Tool costs? Between $10 and $60 per month depending on the tool and volume. Compare that with a freelance graphic designer’s daily rate.
For a deeper understanding of generative AI fundamentals, the article on the 4 types of artificial intelligence will give you the conceptual framework useful before choosing your tools.
If you want to structure AI integration into your creation and communication processes, request a free diagnostic. We’ll look together at where you stand and what’s realistic in your context.
FAQ
Do you need technical skills to use generative AI for images?
No. Tools like DALL·E 3 or Canva AI are designed for non-technical users. The key skill is knowing how to write a precise prompt. That’s a writing skill, not a technical one.

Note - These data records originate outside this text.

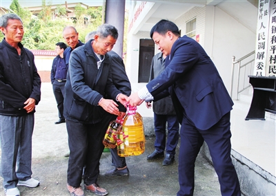 近日,邮储银行湖北省咸宁市分行机关党支部党员来到扶贫驻点村——通山县大畈镇和平村,开展“精准脱贫携手同行”主题党日活动。活动中,咸宁市分行机关党支部党员与和平村党员代表一起学习了《中国共产党章程》《习近平谈治国理政(第二卷)》《中国共产党纪律处分条例》;然后,慰问了村里的贫困户和老党员,为他们送去了食用油、大米等生活日用品。据了解,自今年驻点帮扶以来,咸宁市分行党委先后筹集10万元帮扶资金,帮助和平村修建水塔、文化广场,解决当地群众吃水难、无休闲场地等难题。□王蜜蜜 陈琼 摄影报道
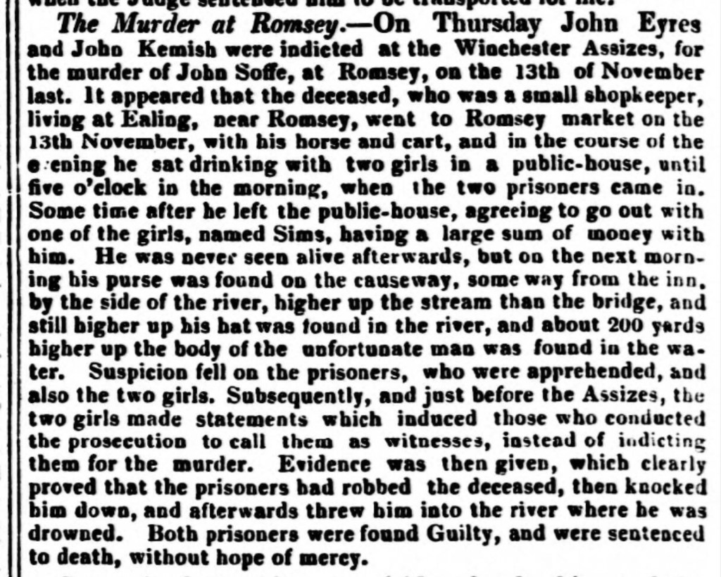 John Soffe an inhabitant of the village of Minesteed was murdered in Romsey, by John Eyres, John Kemish, Emma Leach and Mary Ann Sims.
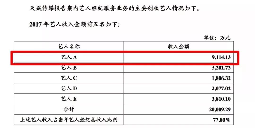 快乐购此前发布的“关于上海天娱传媒有限公司业绩真实性专项核查报告”显示,天娱传媒2017年的艺人经纪业务收入为2.57亿,其中单个艺人贡献创收9000多万,很明显这个给天娱带来9000多万的艺人一定是华晨宇无疑。在并未涉足影视的情况下,2017年华晨宇通过音乐、综艺与商务代言这几块为公司赚了9000多万,占艺人经纪营收2.57亿的35%。
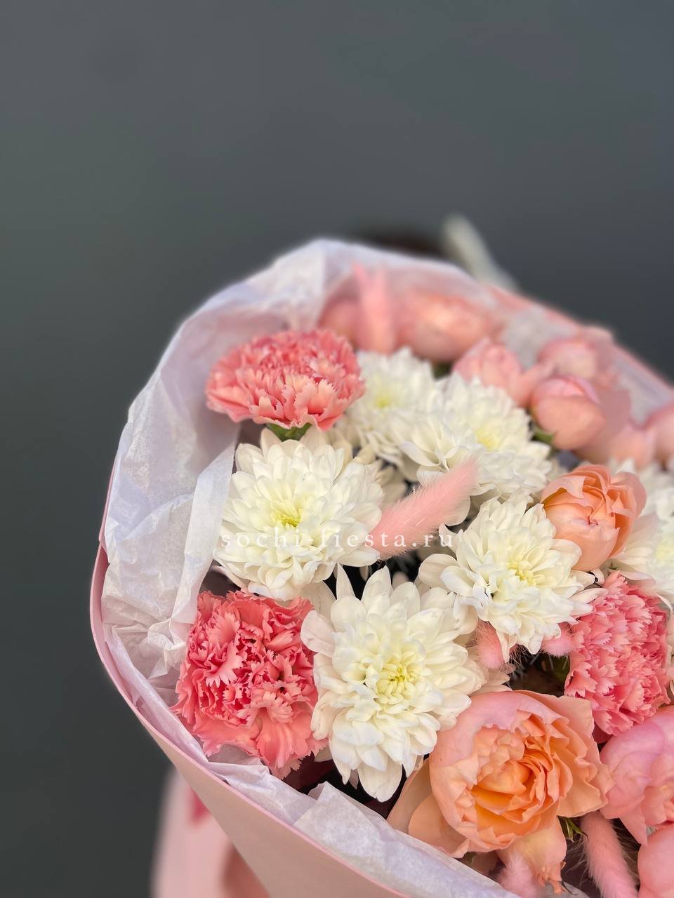 кустовые розы, хризантемы, диантусы, лагурус, лента и дизайнерская пленка.

Can these images be used in commercial communications?
Yes, under certain conditions. Paid subscriptions to Midjourney and DALL·E 3 generally grant commercial rights. Read the terms and conditions of each tool. In Europe, certain transparency obligations apply depending on the distribution context.
Which tool should I choose as a beginner?
DALL·E 3 via ChatGPT. You probably already have a ChatGPT subscription. Start there. When you have more demanding visual needs, move to Midjourney.
How long does it take to generate a usable image?
Between 10 seconds and 5 minutes depending on the tool and number of iterations. For a visual truly adapted to your need, count 15 to 20 minutes the first time, while you find the right prompt formulation.
Can AI generate images with our brand identity?
Yes, with advanced tools like Adobe Firefly or customized versions of Stable Diffusion. You can train the model on your existing visuals so it respects your brand guidelines. It’s an additional step, but accessible without advanced technical skills.